Defense and security
A recent priority of the Saudi monarchy is to invest in improving and expanding the war armament through autonomous production. Currently, military spending is around 10.8% of GDP and according to the International Institute for Strategic Studies, Saudi Arabia is fourth in the world for military spending. A rearmament race favored by the climate of growing political opposition that has arisen in the Gulf over the last 10/15 years. Although arms imports from France, the United Kingdom and the USA drastically decreased after 1999, in October 2010, after three years of negotiations, a contract for the sale of arms to Saudi Arabia by the United States was formalized.worth over 60 billion dollars, a record figure in the history of this sector. Deliveries will take place over the next 15-20 years and include the refueling of 70 Apache helicopters, an unknown number of Little Birds (ultralight helicopters designed for special operations), 72 Blackhawks, 84 F-15 fighters and the modernization of 70 Saudi F-15s, along with a wide range of missiles and a sophisticated radar warning system (Thaad). The agreement is part of one of the major US foreign policy designs, which have signed several arms export agreements with other strategically influential Sunni countries in the region, such as UAE., Bahrain, Qatar and Oman. The goal is to counter Iranian influence in the Gulf and make its allies able to respond more autonomously to external threats.

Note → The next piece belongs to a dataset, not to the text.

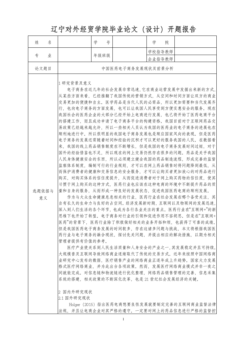 辽宁对外经贸学院毕业论文(设计)开题报告姓学号学院学校指导教师专业年级班级企业指导教师论文题目中国医药电子商务发展现状及前景分析研究背景及意义电子商务在近几年的社会发展非常迅速,它在商业运营发展中发掘出来新的方式,从某些方面来看,已经推翻了我国传统的营销方式,从空间和时间方面让双方的商业交易更加的便捷和自主。医学药品是当代人民的必需品,所以更加需要和当代发展齐行,也向电子商务的方面发展,也可以让我国人民享受到方便实惠安全的服务。现在我国社会的医药企业的大部分已经开始上电商进行发展,也已将开始了医药电商平台的搭建工作,而且成功申请了电子商务平台的枸建资格。我国目前对于互联网药品交易政策已经越来越允许,所以一些相关人员认为我国的医药业的电子商务的进展也在顺利地进行中,所以很明显的我国电子商务发展也是顺应国家风向的表现。但是医药电子商务的发展还需随着时间和经验的沉积才可以更好的服务我国的人民。在数据看来,我国的线上药品销售额度在不断增长,但是我国的电子商务发展时间过短,对于国外的经验借鉴也不足,所以现在的网上交易仍然存在很多的问题。药品是关乎我国人民身体健康安全的东西,所以必须建立健全我国的药品制造流程,形成完善的监督监察体系制度,编制可行的行业规则,才可以在网上药品销售时将问题降到最低,从而保护消费者的健康和交易信息的安全服务,才可以让购买者更加放心的对药品进行购买,对购买体系的信任度提升,从而促进消费者对于网上购买药物的信任度,使其习惯于网上购买的这种方式,医药行业也应该在这种电商的环境中不断提升药品的质选题依据与量和自身的服务,从而形成一种良好的发展状态,促进我国医药电商的顺利发展。意义作为与大众生命健康息息相关的行业,医药行业在社会发展在哪个备受关注,其自有长久的生命力与良好的占空间。经济发展新时期,互联网以及物联网的发展迅速,深入到人们生活的各个环节,也成为各行各业关注的重点。医药行业在“互联网+”的新思维下也开始了转型。电子商务对行业的引领和促进作用不容胡思。但是在“互联网+医药”的背景下,医药行业除了积极做好相关的业务开拓和烦,也获得了可喜的成绩。但是我国医药电子商务发展的时间较多,存在这诸多问题与挑战,本文将根据我国医药行业与电子商务的融合现状,探讨先关问题,并提出相应的解决措施,以期为相关管理者提供有价值的参考。医疗产业使关系到人民生活质量和人身安全的产业之一,其发展稳定并且可持续大规模普及互联网导致网络商业逐渐取代了传统的交易方式。近年来按照中国网络商业研究中心发布的数据,医疗销售产业的网络商业正逐年成上升趋势。国家大力发展格式医疗网络商业,并为此出台各项政策。然而,发展医疗网络商业模式并非一夜之间就能完成。对信息链和物流链进行优化整理,网络药品销售管理的完善,信息采集系统的搭建,相关政策的不断深化改革,也是21世纪社会发展经济的关键。2国内外研究现状2.1国外研究现状Holger(2015)指出医药电商想要良性发展就要制定完善的互联网商业监督法律法规,并且让电商企业对其严格的遵守。一定要对网上的药品信息进行严格的监督控1制,仔细审核发布的广告和信息,严格监督和管理我国互联网交易和互联网信息服务。Kubiak W1 odzimierz(波兰)在2005年指出,医药行业蓬勃发展的基础就是创新,也是促进医疗行业的保障水平的途径之一,它对医学专业的后续发展和人类寿命的长短和质量起着尤为重要的影响。所以我们一定要努力研制新的药品并且使其服务与人类,而且创新发展医药行业经营模式,使他服务于人民,有利于人民。Abraham Schwab(2010)指出,我国的经济结构在改变,科学技术也在不断地发展,所以医学教育也不能落后,跟随时代的脚步进行改革创新,需要创建出适和社会发展的人才培养制度,着重培养我国专业人才,增强人才的实践和科学的利用力。现在是互联网主导发展的时代,随着我国的驻点医师被更加的需要,国家更应该完善我医学培养制度,培养出更多的优秀人才从而促进国家稳定的发展。2.2国内研究现状赵莎莎(2018)通过对电子商务这一领城的各方面条件的深入研究,发现了电子商务要想健康发展,一方面十分需要良好的经济水平的支持,另一方面,也需要符合行业现状的各种数据分析结果,同时,还需要对产业资源进行有效的分配整理,刘秋风,田侃(2018)提出线上的那些药品网店要想持续健康发展,就应该不断完善内外部的管理模式。在国家政策的指导下,依照法律要求,严格按照行业行规,不断深化道德责任感,就会形成一套科学的药品网店的管理模式。孟令全(2011)曾提出,企业财务管理在现如今的经济环境下,对各企业的电子商务有了新的要求,同时,为了能够给各企业的经营管理方面带来具有指导性的建议,就需要不断深入了解网络财务的安全保障系统,进而不断完善与提高。张鸣鸣(2017)通过研究,认为在互联网快速发展的现代,大众的目光正时刻注意着医药在网络上的商务发展。那么这些企业想要发展壮大自身,想要在这个市场行业有自己的立足之地,那么,就要找好出发点。消费者是奠定网上医药店铺成败的最关键因素,只有拥有足够多的用户,才能不断

The provision of weapons and military equipment similar to those used by its own military will also allow the US Department of Defense to coordinate more efficiently with allied countries. The Saudi monarchy sees the recent purchase agreement as an investment to broaden its influence on the Middle Eastern chessboard and thus counterbalance Iranian foreign policy in the region. In addition, the new supplies should allow it to tackle al-Qaeda’s fight against terrorism more effectively. It is precisely the terrorist threat that has advanced from many sides the possibility of reviewing the national conscription, making it mandatory. However, the head of the national guard, Prince Miteb bin Abdullah, has so far dismissed the hypothesis of its introduction in the short term. Always with the aim of counterbalancing Iran’s influence in the Gulf, as well as for fear of a regional destabilization that could also involve Saudi Arabia, in March 2011, following the uprisings against the Bahraini regime, Riyadh sent troops in Bahrain. This operation, conducted under the aegis ofGCC and through its military apparatus – the Peninsula Shield Force – has confirmed the role of Saudi Arabia as the guardian of the existing equilibrium in the Gulf.